Wie wäre es, die Strukturen und Ämter der Kirche auf allen Ebenen daraufhin zu befragen, inwiefern wir einer theologischen Perspektive auf Macht gerecht werden – und wie unser Denken und Handeln dann aussehen würde? Leider scheuen viele Verantwortliche davor zurück, sich offen mit ihrer Macht auseinanderzusetzen.
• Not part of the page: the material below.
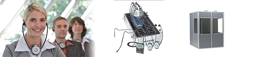 We offer simultaneous interpretation services using our portable interpretation system which can serve up to 90 people with its cordless Sennheiser headsets.

Das Wort „Dienst“ klingt ja auch viel netter und frommer.
Jesus war mit dem Teufel in der Wüste sehr allein. Wer sich mit der Intransparenz und verschleierter Macht anlegt, kann und wird sich oft sehr einsam fühlen. Ich wünsche den Menschen, die sich trotz aller Risiken jetzt beworben haben und künftig bewerben werden, vor allem den Mut, ihr Handeln unerschrocken theologisch zu reflektieren. Was sie trösten mag: Sie sind nicht allein! Da sind viele, die sich nach einer Kirche in Klarheit und Wahrhaftigkeit sehnen. Die befreiende Macht des dreieinigen Gottes ist mit ihnen.
Angela Rinn
Angela Rinn ist Pfarrerin und seit 2019 Professorin für Seelsorge am Theologischen Seminar der Evangelischen Kirche in Hessen und Nassau in Herborn. Sie gehört der Synode der EKD an.